Heroes Reborn

NBC announced Saturday that Heroes, the 2006 show about ordinary people who discover they have superhuman abilities, would be getting a reboot. Much like Fox’s 24, Heroes will return as a miniseries, set to air in 2015.

A Heroes reboot has a lot of potential for success. In its first season, the show had such a captivatingly simple premise that, much like its protagonists’ powers, it seemed full of possibility. The show’s formula, hoisting people from all walks of life into positions of superhuman power, was a winning one. Its flexibility allowed for a variety of combinations of different powers and personalities.

But the strength of season one was in its grounded approach to the superpower genre. Avoiding the back and forth drama of later seasons, the first season featured characters with direction and plot. The logic was sound but the show included enough mystery to appeal to our curiosity. Not everything was completely clear in the beginning because there was an understanding that explanations would come in due time.

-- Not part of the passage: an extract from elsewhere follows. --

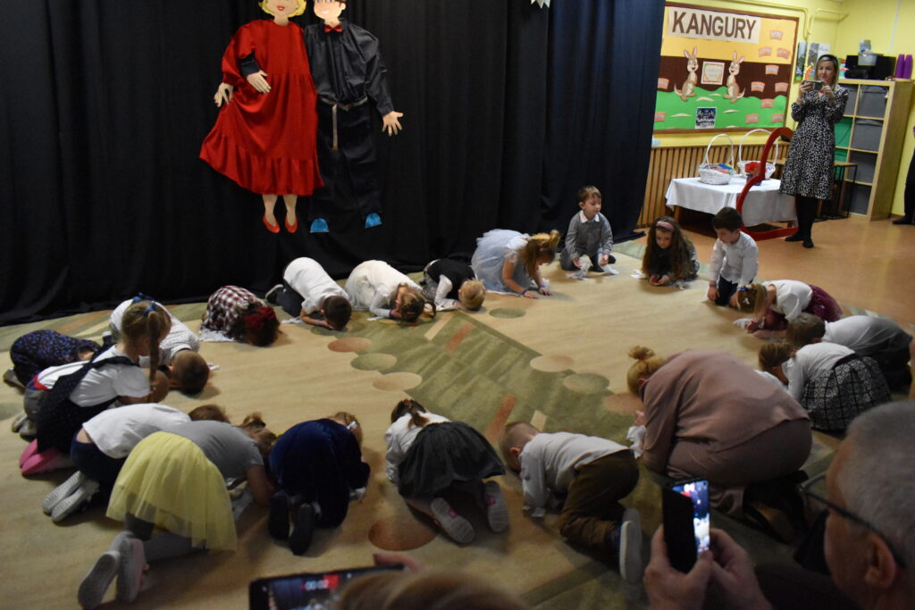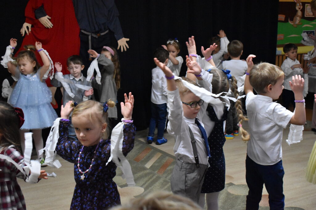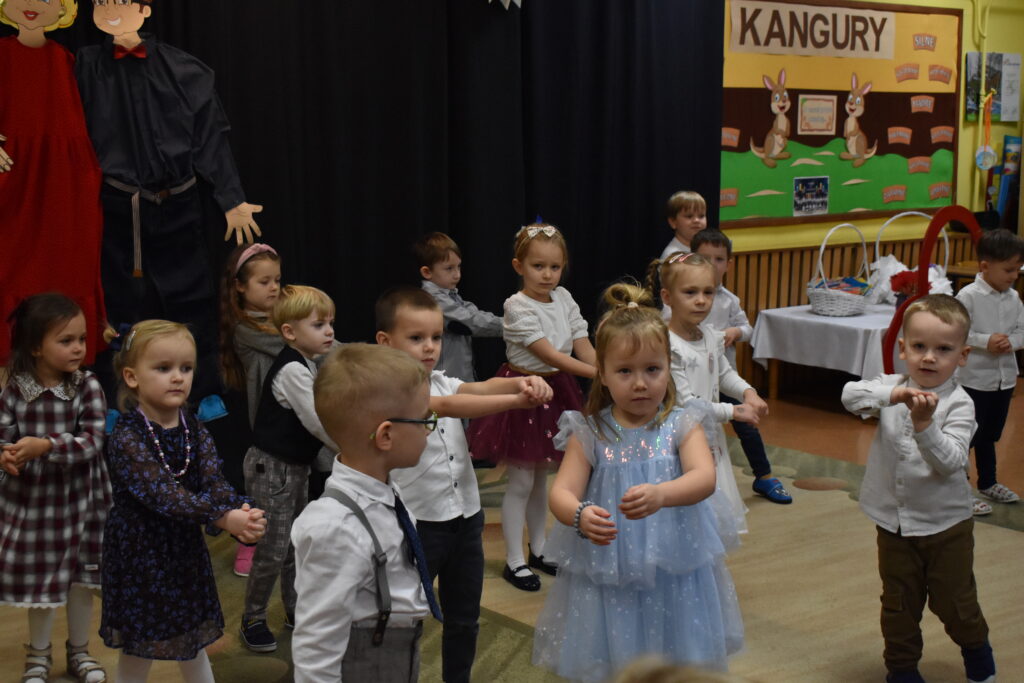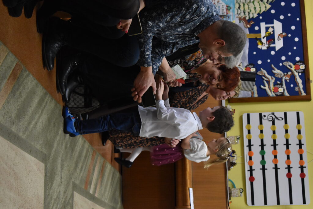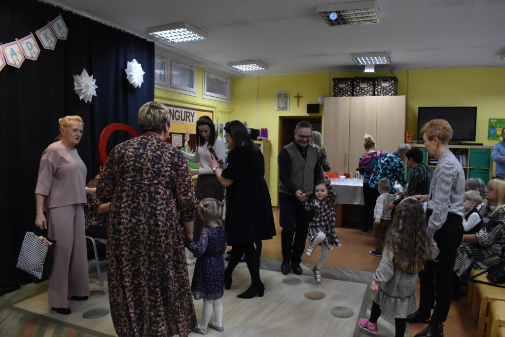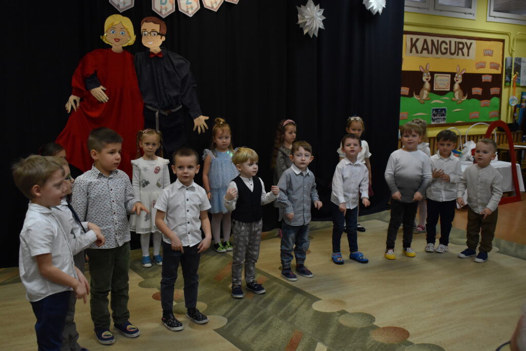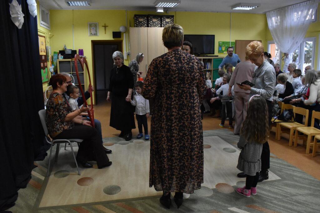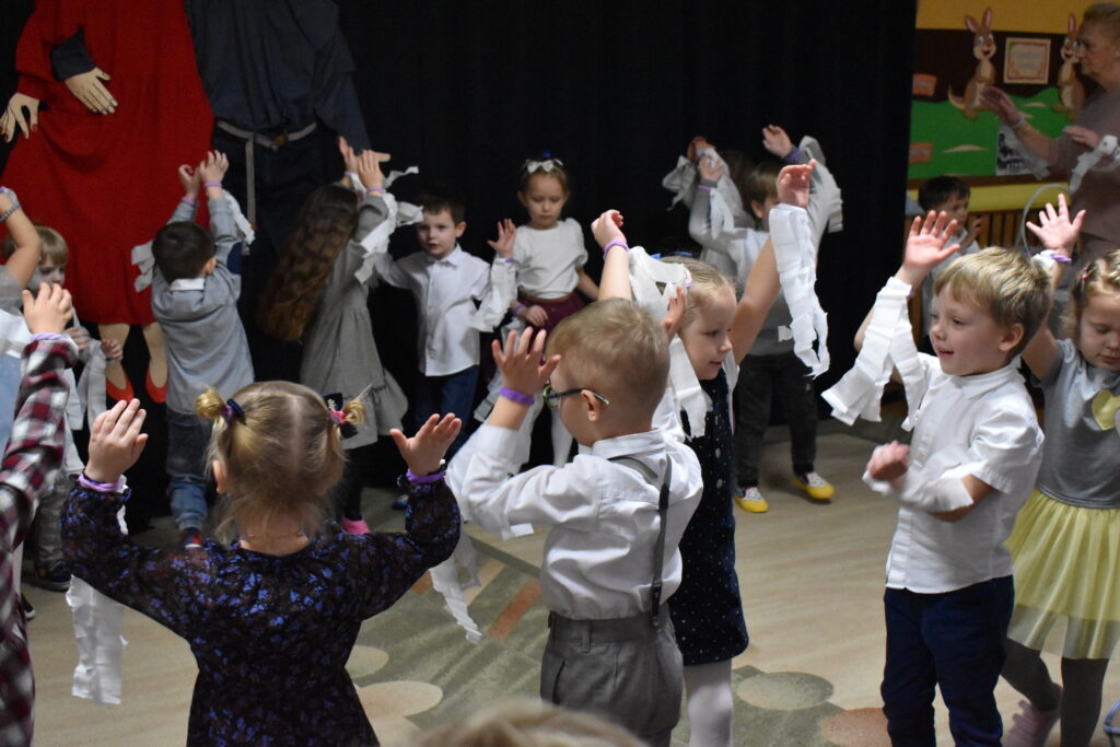 Przedszkolaki zaprezentowały się w tańcach i recytacji wierszyków, dedykowanych dla babć i dziadków. Punktem kulminacyjnym był tzw. taniec bałwanków. Po występie przyszedł czas na poczęstunek oraz podarunki dla seniorów. Było wiele radości i wzruszających chwil.

This sense of things to come fostered a building fascination for fans. Creator Tim Kring held back some of the tastiest morsels as bait to eagerly bid us on — and rightly so.

It was only after the first season that the Heroes-verse began unraveling.

The later seasons revealed the show’s lack of advance planning. Gaps in plausibility yawned open, and loss of focus and direction reigned supreme as the writers’ lack of forethought became apparent. Characters went from people with motives and goals to vehicles for moving the plot forward.

Heroes Reborn can make the series great again, but only if it anchors itself in the self-control and planning of the first season. Playing with superpowers can get out of hand very quickly. It takes restraint to chart a steady course for a show and stay tethered to reality. That’s one of the biggest takeaways from the show’s original four seasons.

Heroes was plagued by exciting foreshadowing that never panned out. For example, throughout the show’s four seasons, an ominous “f” symbol made cameos on everything from paintings to tattoos to swords, yet in the end, we were never given a real explanation as to what it meant. It was clear the symbol had some link to the characters’ abilities, but the writers began using it as nothing more than an Easter egg that popped up here and there without an actual explanation.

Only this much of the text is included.